Understanding the RSS through this lens challenges simplistic portrayals. Its influence extends beyond politics into society, education, and culture, and acknowledging its ideological diversity is key to appreciating its broader role in contemporary India.

Taken together, these elements reveal the RSS as a social movement first and a political influence second. Its strengths lie in institution building and volunteerism; its challenges lie in regional variation and the need to modernise for a plural, technology-driven public sphere. If it seeks lasting relevance, the Sangh will have to adapt its methods while retaining its social commitment, ensuring that civic service, education, and local organisation remain at the core of its public presence.

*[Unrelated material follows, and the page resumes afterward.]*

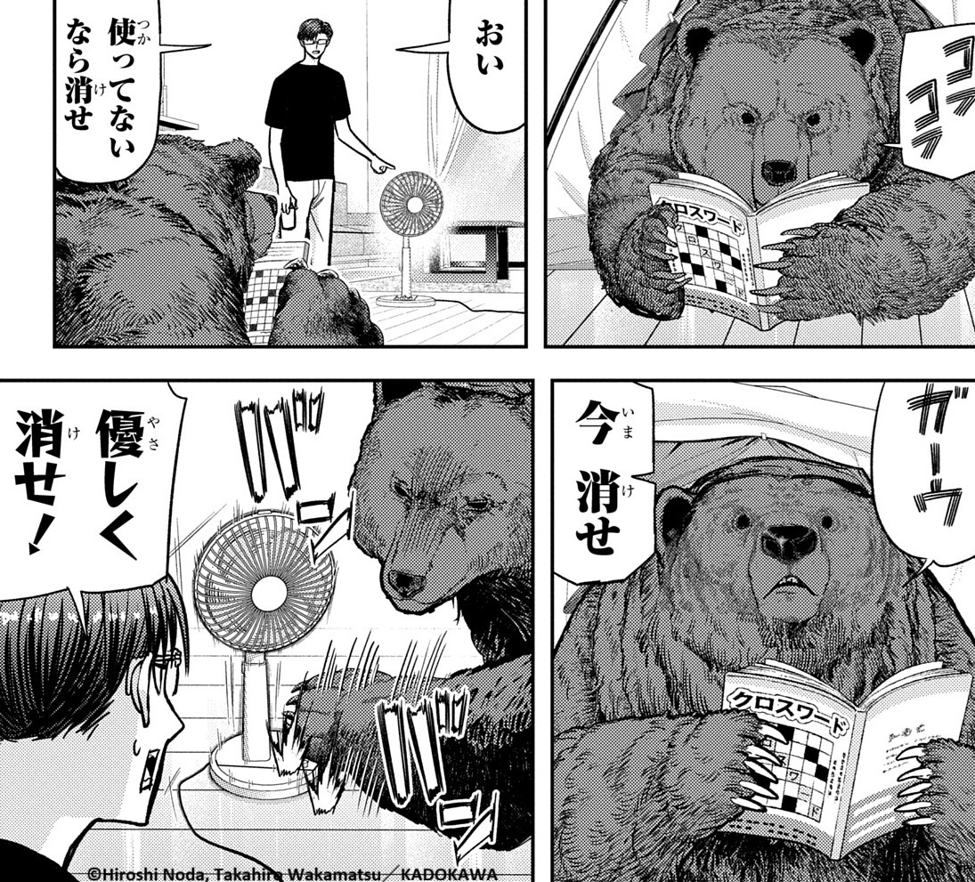 / 📌『#くまぐらし』本日更新日🆙 📣42話のおすすめシーンをチラ見せッ👀 \ 扇風機、壊れちゃうバル。 #同棲 #ルール #理想と現実 #熊 #くま #クマ #この熊は人を襲わないよ 最新話はピッコマで!✅ ➡️ piccoma.com/web/redir_link… 最新単行本3巻、絶賛発売中✨ ➡️ kadokawa.co.jp/product/322505… pic.x.com/eRazOrn1v6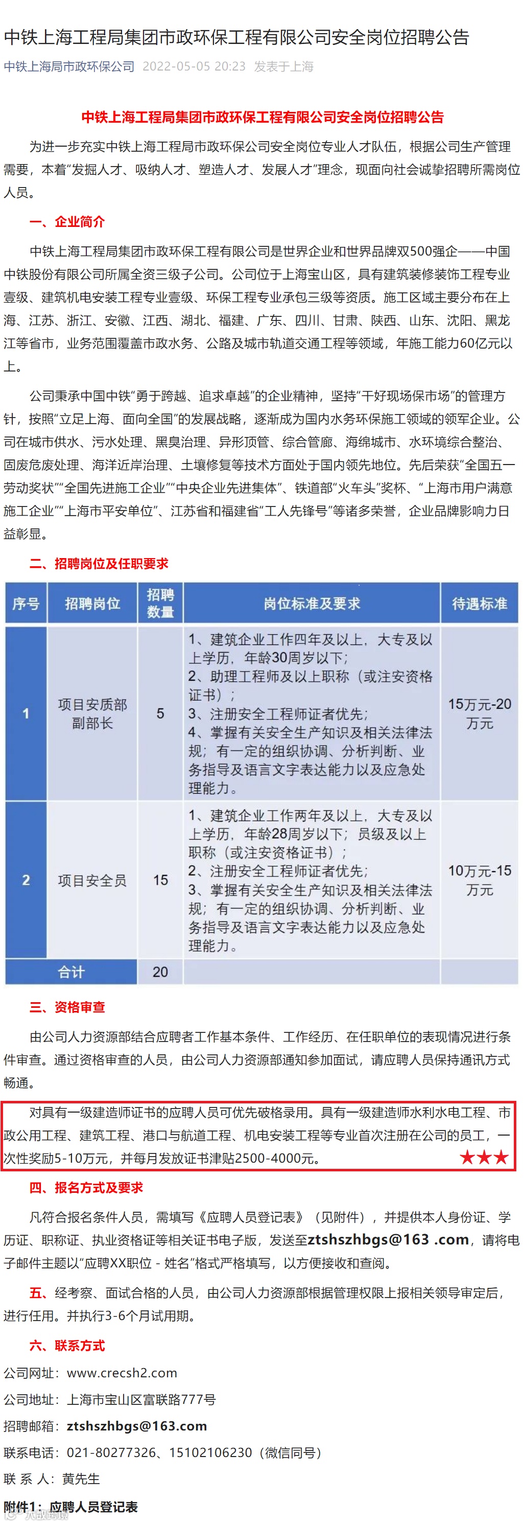 近日,中铁上海局市政环保公司官网发布安全岗位招聘公告,指出:对具有一级建造师证书的应聘人员可优先破格录用。具有一级建造师水利水电工程、市政公用工程、建筑工程、港口与航道工程、机电安装工程等专业首次注册在公司的员工,一次性奖励5-10万元,并每月发放证书津贴2500-4000元。

In the end, the Rashtriya Swayamsevak Sangh must be understood not merely as a shadow of political power but as one of the most enduring experiments in social organisation in modern India. Its history shows that its influence stems less from momentary electoral gains and more from decades of patient institution building, cultural work, and disciplined volunteerism. Yet, its future depends on whether it can evolve beyond the structures of its past. In an India that is younger, more urban, digitally connected, and increasingly plural, the Sangh’s real test will be whether it can combine tradition with innovation, upholding its ethos of service while speaking to new generations in new languages. If it succeeds, its role will remain not only politically consequential but also socially transformative.

Madhav K. Sareen

Is an MPhil candidate at the University of Cambridge, specialising in criminology and criminal justice. He is an advocate practising before the Supreme Court of India. His research and professional interests focus on financial crime and policy.